● TRY IT: Go through the listing below and output exactly the line with "SIMI VALLEY Features", the line with "брюками или джинсами.", and each line between; omit the rest.

** Opening INFORMATION PROVIDED block **

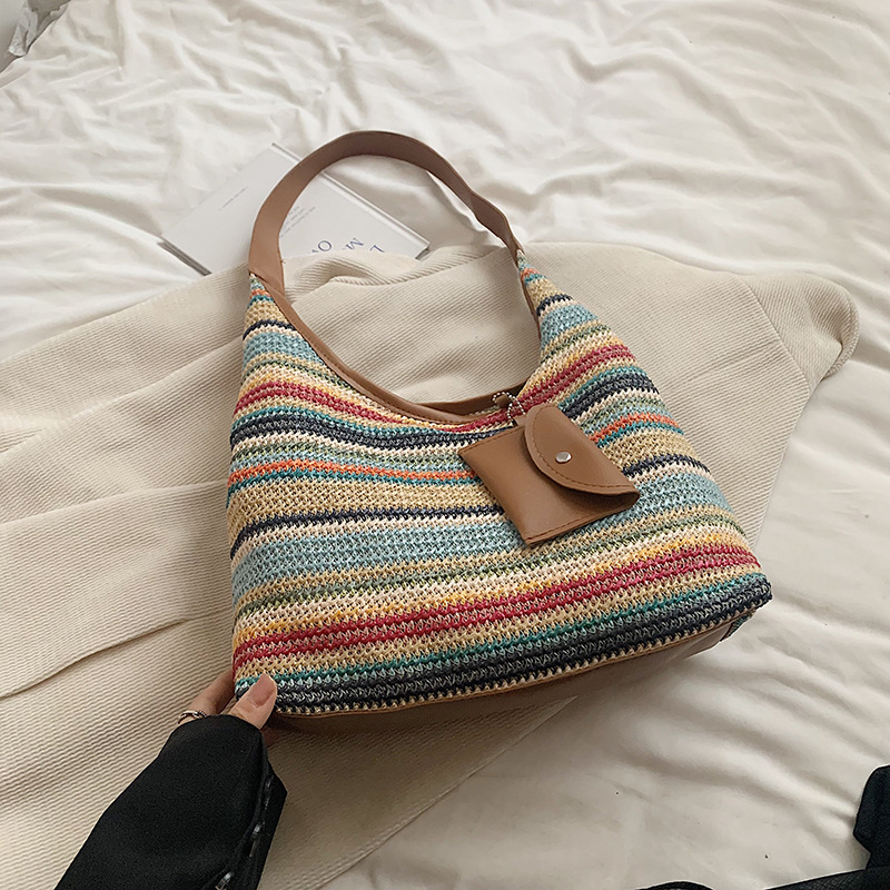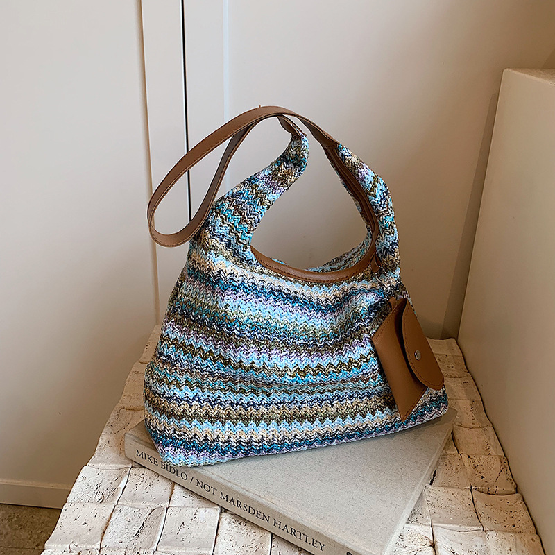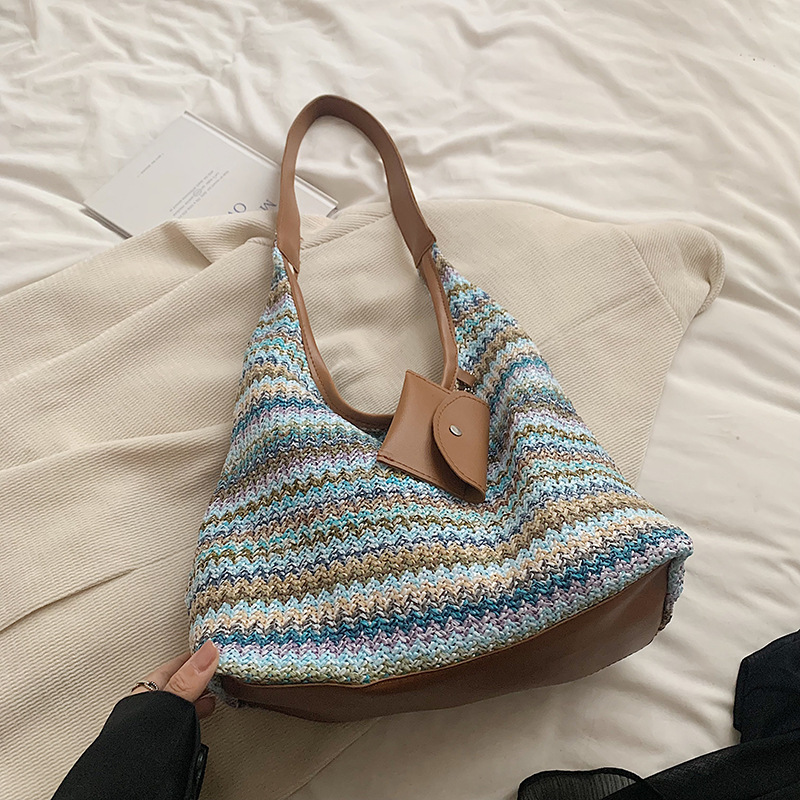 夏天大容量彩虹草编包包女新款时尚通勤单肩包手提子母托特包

** Closing INFORMATION PROVIDED block **
** Opening INFORMATION PROVIDED block **

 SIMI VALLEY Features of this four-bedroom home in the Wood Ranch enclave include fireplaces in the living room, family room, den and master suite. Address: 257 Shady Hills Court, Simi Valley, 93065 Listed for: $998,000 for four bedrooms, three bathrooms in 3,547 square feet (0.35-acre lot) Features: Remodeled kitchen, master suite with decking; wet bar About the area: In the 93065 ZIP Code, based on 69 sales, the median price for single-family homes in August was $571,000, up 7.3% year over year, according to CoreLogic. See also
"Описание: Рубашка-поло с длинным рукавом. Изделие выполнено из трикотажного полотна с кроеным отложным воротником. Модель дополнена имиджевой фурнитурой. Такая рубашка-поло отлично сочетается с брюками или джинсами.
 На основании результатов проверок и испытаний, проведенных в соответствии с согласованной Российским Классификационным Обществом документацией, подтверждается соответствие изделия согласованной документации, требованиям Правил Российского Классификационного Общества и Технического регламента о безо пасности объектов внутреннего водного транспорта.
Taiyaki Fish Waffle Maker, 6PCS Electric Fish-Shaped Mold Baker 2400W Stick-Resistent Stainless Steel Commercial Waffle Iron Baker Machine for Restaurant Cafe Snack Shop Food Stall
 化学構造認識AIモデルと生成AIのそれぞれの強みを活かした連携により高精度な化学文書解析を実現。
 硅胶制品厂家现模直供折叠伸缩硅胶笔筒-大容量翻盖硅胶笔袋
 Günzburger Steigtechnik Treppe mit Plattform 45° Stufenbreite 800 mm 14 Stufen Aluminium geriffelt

** Closing INFORMATION PROVIDED block **
** Opening INFORMATION PROVIDED block **

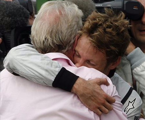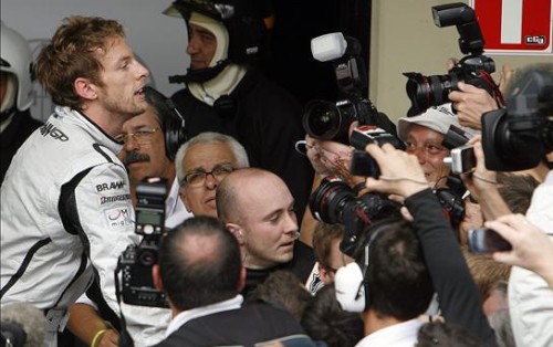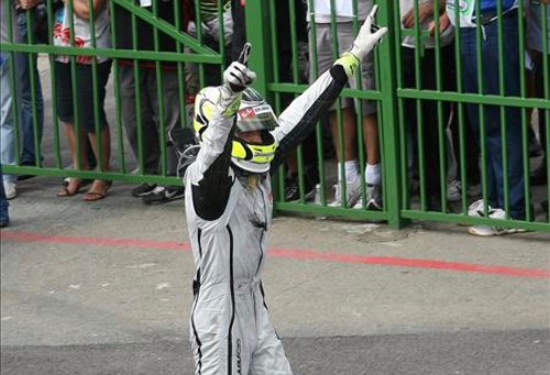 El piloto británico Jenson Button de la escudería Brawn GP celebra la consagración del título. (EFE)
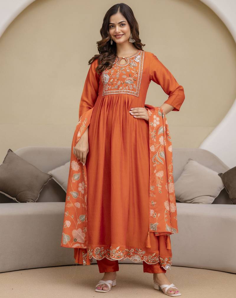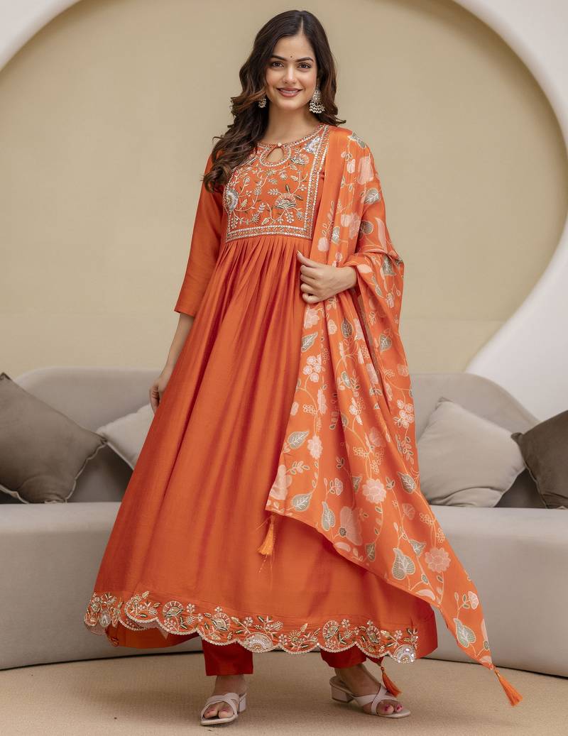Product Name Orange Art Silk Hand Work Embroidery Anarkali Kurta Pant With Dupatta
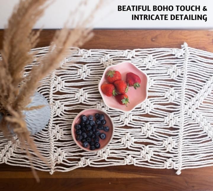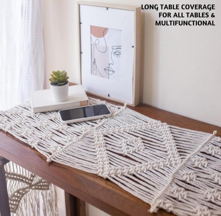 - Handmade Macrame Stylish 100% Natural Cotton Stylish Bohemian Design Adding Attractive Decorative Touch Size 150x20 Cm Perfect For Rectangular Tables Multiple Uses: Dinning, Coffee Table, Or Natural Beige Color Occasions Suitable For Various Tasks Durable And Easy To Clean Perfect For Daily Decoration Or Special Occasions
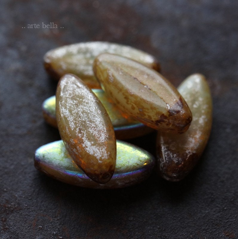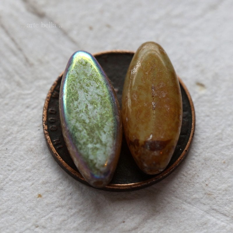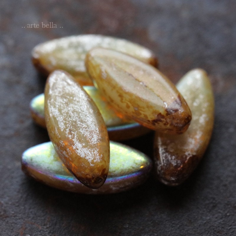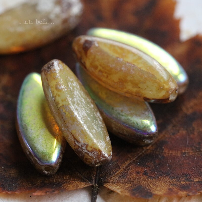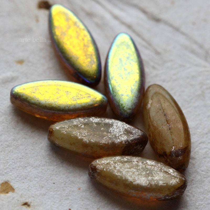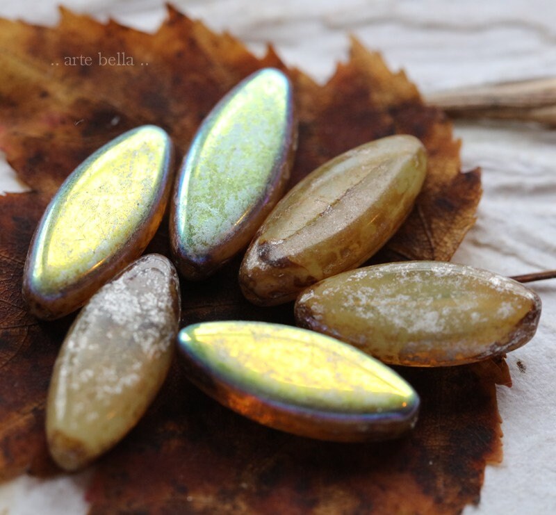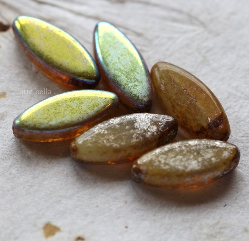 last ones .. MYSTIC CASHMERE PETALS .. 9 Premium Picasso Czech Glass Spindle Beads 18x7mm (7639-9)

** Closing INFORMATION PROVIDED block **

● PROBLEM SOLUTION:
 SIMI VALLEY Features of this four-bedroom home in the Wood Ranch enclave include fireplaces in the living room, family room, den and master suite. Address: 257 Shady Hills Court, Simi Valley, 93065 Listed for: $998,000 for four bedrooms, three bathrooms in 3,547 square feet (0.35-acre lot) Features: Remodeled kitchen, master suite with decking; wet bar About the area: In the 93065 ZIP Code, based on 69 sales, the median price for single-family homes in August was $571,000, up 7.3% year over year, according to CoreLogic. See also
"Описание: Рубашка-поло с длинным рукавом. Изделие выполнено из трикотажного полотна с кроеным отложным воротником. Модель дополнена имиджевой фурнитурой. Такая рубашка-поло отлично сочетается с брюками или джинсами.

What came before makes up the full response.